Add to this the siren song of entrepreneurial opportunities in new industries. Many of the regions that are outperforming ours have burgeoning clusters fostering the development and growth of emerging enterprises. Northern California, Austin, New York, Nashville and other regions are attracting talent from our region. Silicon Valley isn’t cheaper than living here – but the entrepreneurial opportunities are clearly more widespread.

Add to this the now established trend of remote or hybrid employment. This challenges the current model of viewing our downtowns as areas of office building concentration, as well as the assumption that our talent will work in local enterprises, if they live here. Current models of real estate development and land utilization are under significant stress, with local tax policy implications.

Our region is at a crossroads. It’s time to evaluate our situation with clear eyes and for our region’s leaders to act.

Some immediate ideas that come to mind: a more cost-effective public transportation system, increased capacity for our roads and bridges, and land use regulations and practices that produce more affordable and flexible housing and reframe our built environment for modern society. We must also address crime in our neighborhoods, build support for parents to participate in the workforce, create an eco-system that supports business development, and collaboratively market our region as a place for business investment and as a place to build a life. Yet, what we need most of all is an agreed-upon set of regional solutions to meet these needs.

Over the next year, the Center for Regional Analysis will collaborate with key partners to help us diagnose our region’s challenges. We will offer implementable solutions to reverse our downward trend. We will be calling out what does and does not work and promoting the efforts of individuals and groups who are taking action to solve problems. We care about this region and are sincerely concerned that this is a moment when none of us can remain silent and hope for things to just work out.

This is an all hands on deck moment.

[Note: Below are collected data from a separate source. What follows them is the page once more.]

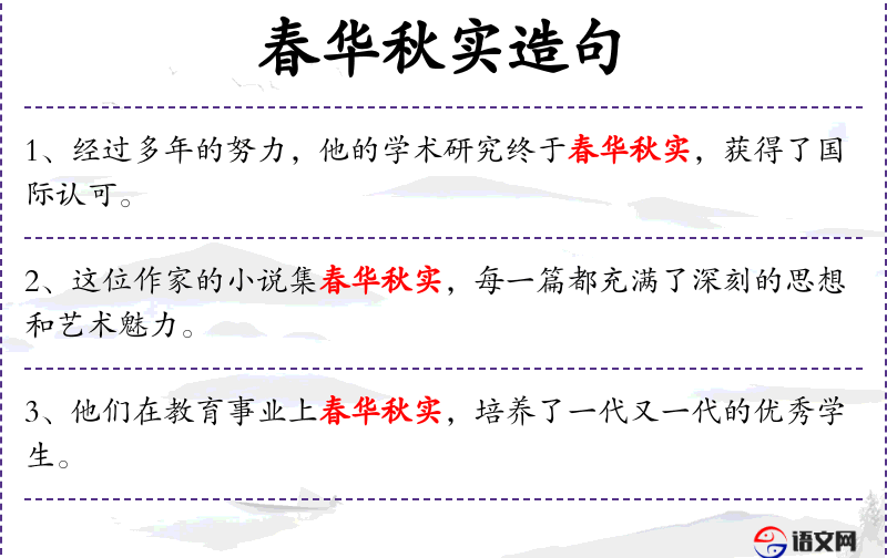 - 春华秋实:这个成语在**文化中常用来比喻事物的成长和发展过程,具有积极向上的文化意义。
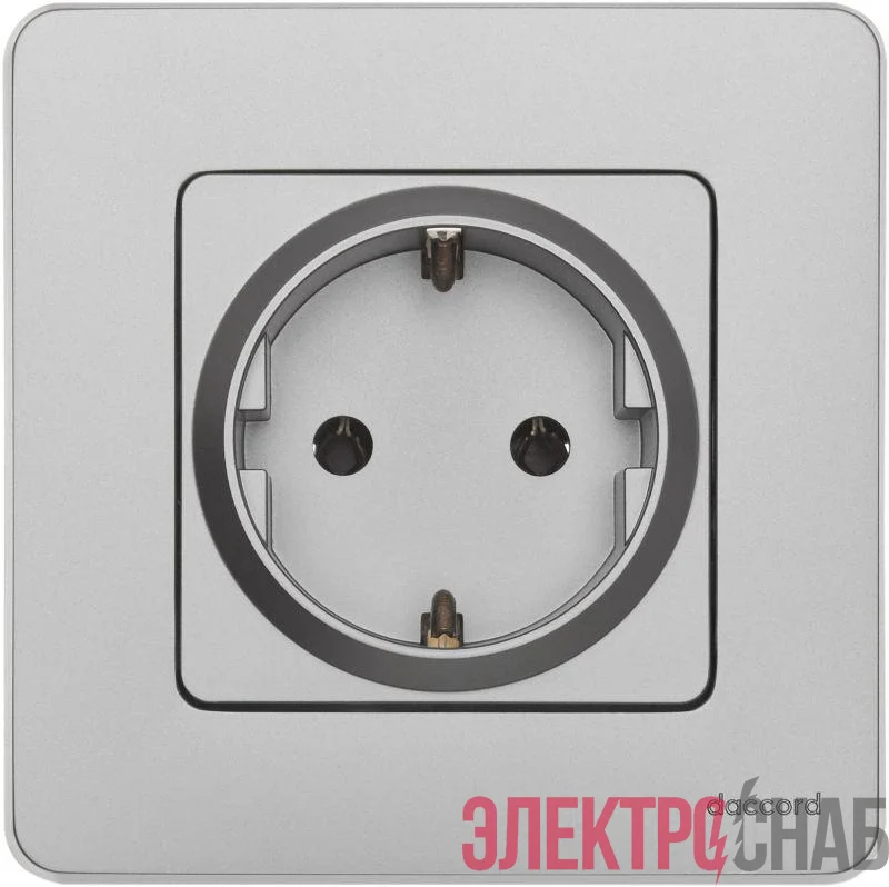 Розетка с заземлением для скрытого монтажа Inspiria, цвет "Алюминий", максимальный ток 16А, напряжение ~250В, максимальная мощность 3680Вт, винтовые зажимы. Применяется для присоединения однофазных электрических потребителей к сети переменного тока в зданиях с проводкой с заземлением (с защитным проводником).
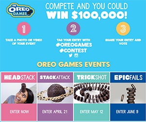 You can play the Walmart Oreo Games from Mondelez Global for your chance to win the $100,000 check grand prize, one of three $5,000 check finalist prizes, a runner-up check of $10,000, one of thirty $500 gift cards or one of fifty $50 gift cards. Entry ends July 06, 2017.
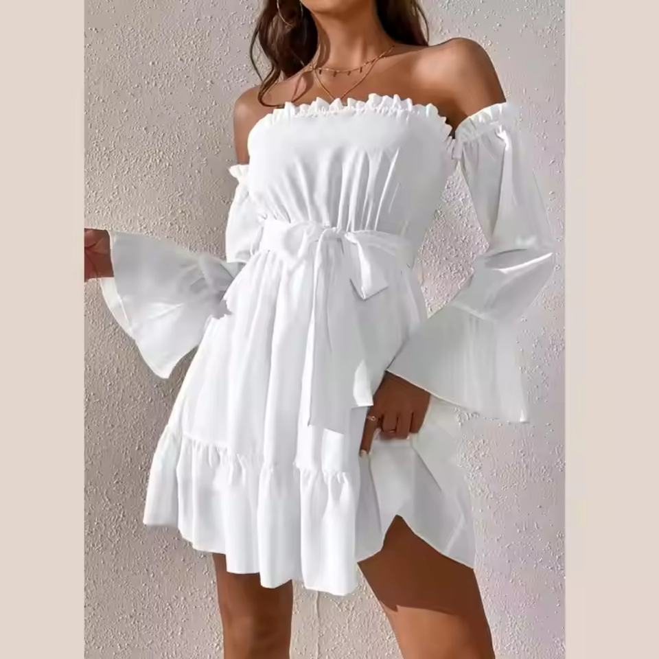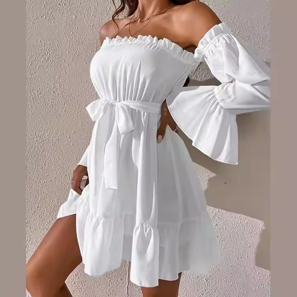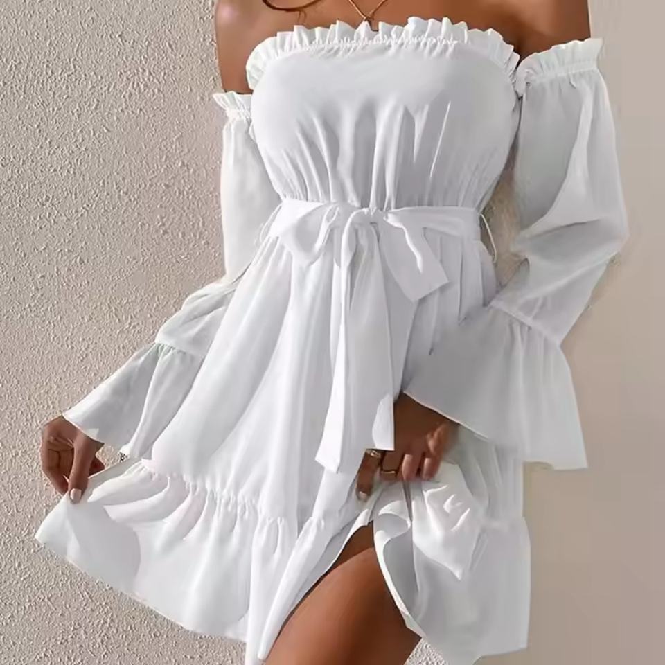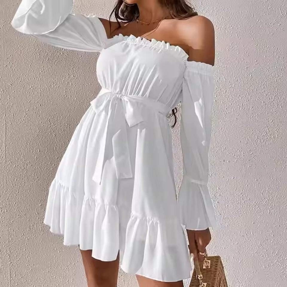 เดรสฤดูร้อนลดราคาสุดฮอตสำหรับผู้หญิง ดีไซน์เซ็กซี่น่ารัก คอปาด/เปิดไหล่ข้างเดียว ผ้าฝ้าย ชุดมินิเดรสชายหาดสำหรับสุภาพสตรี

Working collaboratively on addressing our problems is essential. We may be challenged by being at the intersection of three state entities with complicated political relationships, but our choice is simple – become a more collaborative and competitive place to live and do business or learn to live with the consequences of perpetual economic mediocrity.

Terry Clower, Ph.D., is the director of the Center for Regional Analysis at George Mason University’s Schar School of Policy and Government. He is also Northern Virginia chair and professor of public policy at the Schar School. Jonathan Aberman, LLM, is a senior visiting scholar at the Center of Regional Analysis and a partner in Ruxton Ventures.